- DATA RECORDS:
┄┄┄┄┄┄
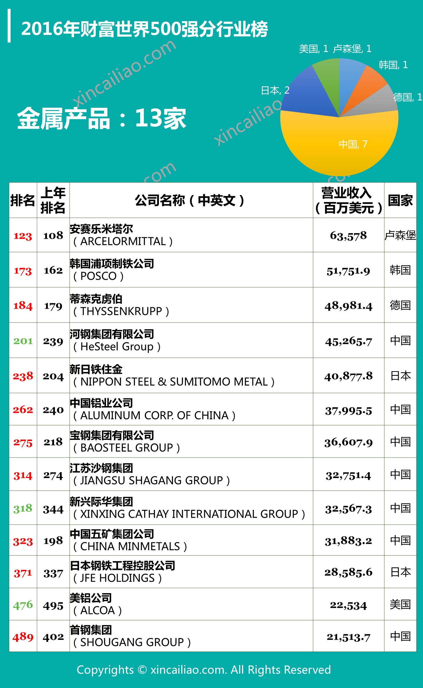 新材料在线特地盘点了500强中的材料公司(主营业务为材料相关的,不包含炼油企业)供您参考。
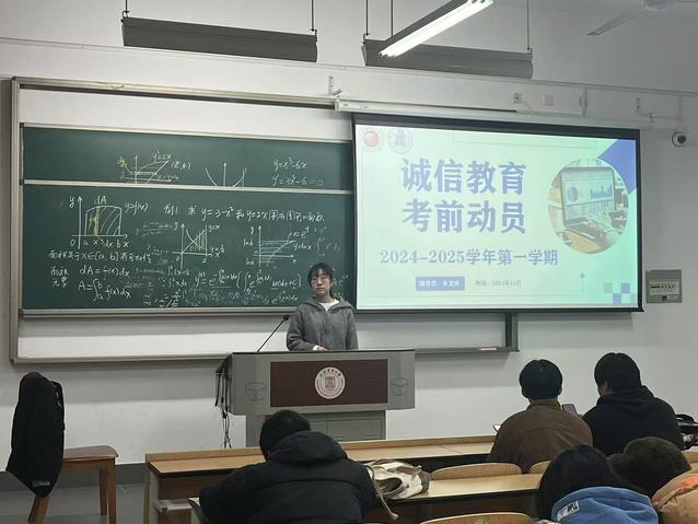 展晴晴在诚信班会中还特别邀请了专业成绩优异的同学来分享复习备考经验。郑涵月同学从制定合理学习计划、梳理知识点的技巧等多个方面娓娓道来,为其他同学提供了实用且有效的备考思路。通过学霸分享,不仅强化了学生们诚信考试的观念,也助力他们更科学地准备即将到来的考试。
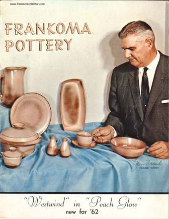 The all new 1962 catalog is again a full 8.5" x 11" with all four covers in full color. With this catalog Frankoma introduced the new glaze Peach Glow, one that would last only twelve years. More importantly the glaze is showcased on the entirely new Westwind dinner ware line. Frankoma would continue that line well into the twenty-first century.
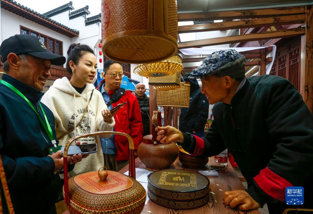11月10日,參觀(guān)者在第六屆中國非物質(zhì)文化遺產(chǎn)傳統技藝大展的“徽州竹編”展區了解展品。
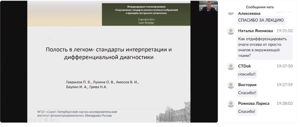 В работе телеконференции принял участие ведущий научный сотрудник, руководитель направления «Лучевая диагностика» к. м. н. Гаврилов П. В. с докладом «Полость в легком- стандарты интерпретации и дифференциальной диагностики».
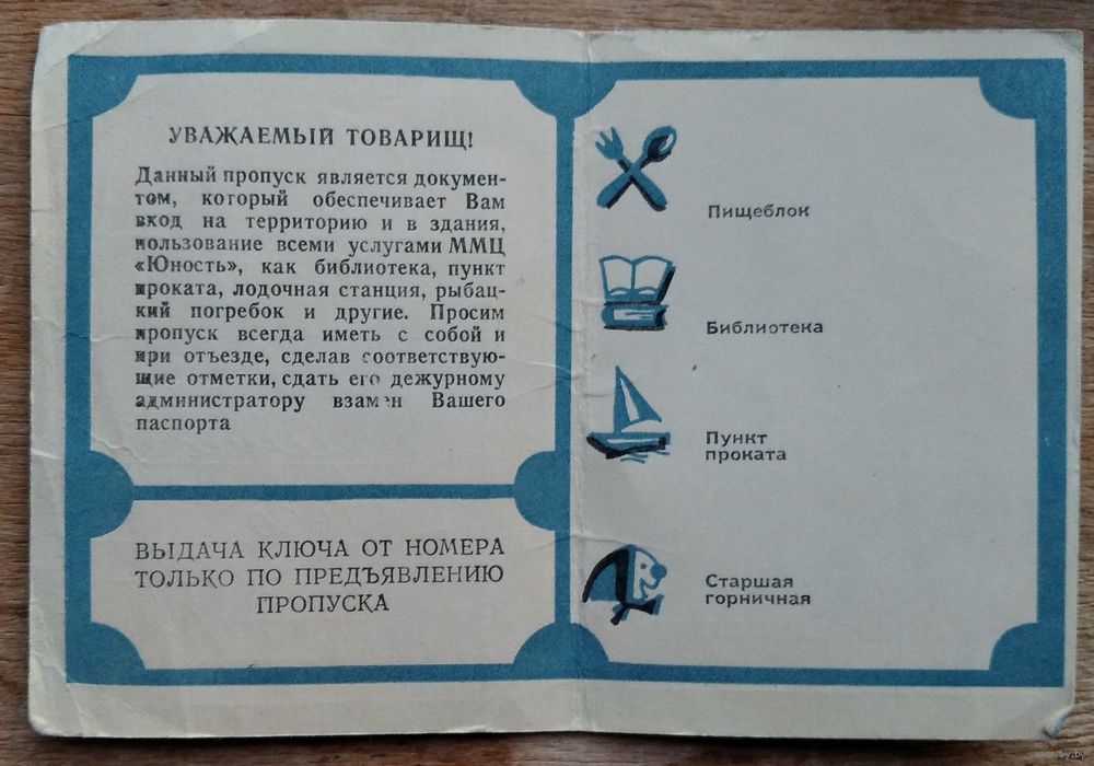 Пропуск в Минский международный молодежный центр "Юность" 1980-е.
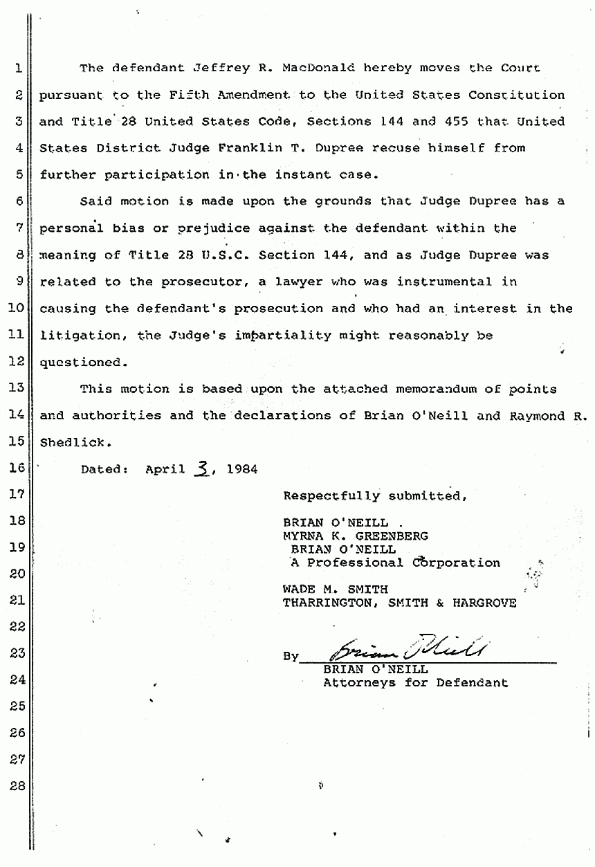 Motion by Jeffrey MacDonald for Recusal of Judge Dupree, p. 26 of 28
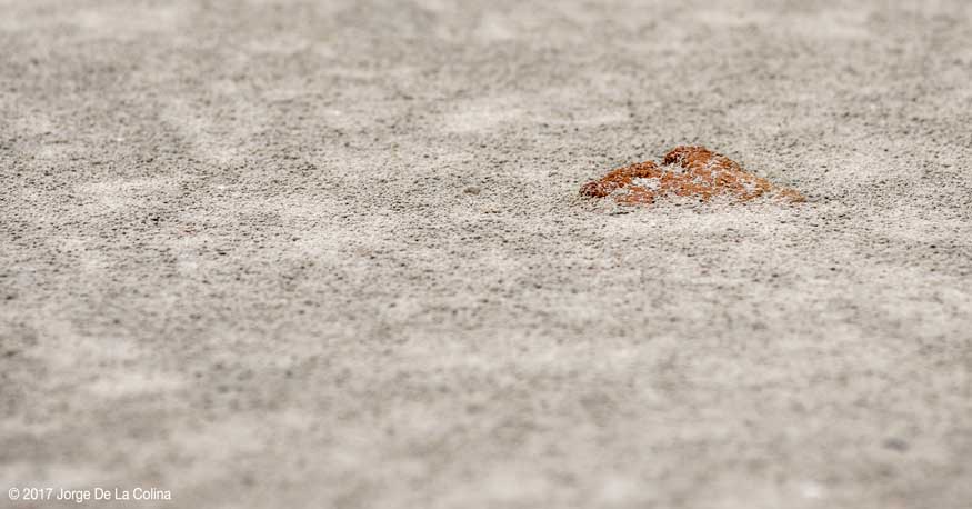 After a while, I decide it’d be best to call it quits and head back in. We had planned to go back to a restaurant and look at our pictures and reminisce on our adventure, so I decided to turn around. I had just walked through a muddy salt flat and decided to go around several bushes where it was dry instead of tracking back through the mud. In the distance I see something sticking out of the ground. I slowly walk towards it, I see the wind blow sand across more triangular edges, sticking out of the sand.
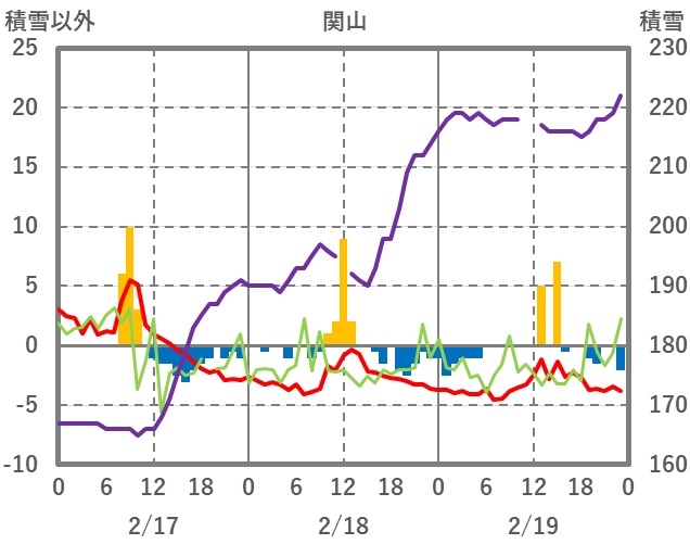 | 日 | 時 | 気温 | 降水 | 風向/風速 | 日照 | 積雪 | 降雪 |
┄┄┄┄┄┄
Omitting all images, print the listing exactly.

 新材料在线特地盘点了500强中的材料公司(主营业务为材料相关的,不包含炼油企业)供您参考。
 展晴晴在诚信班会中还特别邀请了专业成绩优异的同学来分享复习备考经验。郑涵月同学从制定合理学习计划、梳理知识点的技巧等多个方面娓娓道来,为其他同学提供了实用且有效的备考思路。通过学霸分享,不仅强化了学生们诚信考试的观念,也助力他们更科学地准备即将到来的考试。
 The all new 1962 catalog is again a full 8.5" x 11" with all four covers in full color. With this catalog Frankoma introduced the new glaze Peach Glow, one that would last only twelve years. More importantly the glaze is showcased on the entirely new Westwind dinner ware line. Frankoma would continue that line well into the twenty-first century.
11月10日,參觀(guān)者在第六屆中國非物質(zhì)文化遺產(chǎn)傳統技藝大展的“徽州竹編”展區了解展品。
 В работе телеконференции принял участие ведущий научный сотрудник, руководитель направления «Лучевая диагностика» к. м. н. Гаврилов П. В. с докладом «Полость в легком- стандарты интерпретации и дифференциальной диагностики».
 Пропуск в Минский международный молодежный центр "Юность" 1980-е.
 Motion by Jeffrey MacDonald for Recusal of Judge Dupree, p. 26 of 28
 After a while, I decide it’d be best to call it quits and head back in. We had planned to go back to a restaurant and look at our pictures and reminisce on our adventure, so I decided to turn around. I had just walked through a muddy salt flat and decided to go around several bushes where it was dry instead of tracking back through the mud. In the distance I see something sticking out of the ground. I slowly walk towards it, I see the wind blow sand across more triangular edges, sticking out of the sand.
 | 日 | 時 | 気温 | 降水 | 風向/風速 | 日照 | 積雪 | 降雪 |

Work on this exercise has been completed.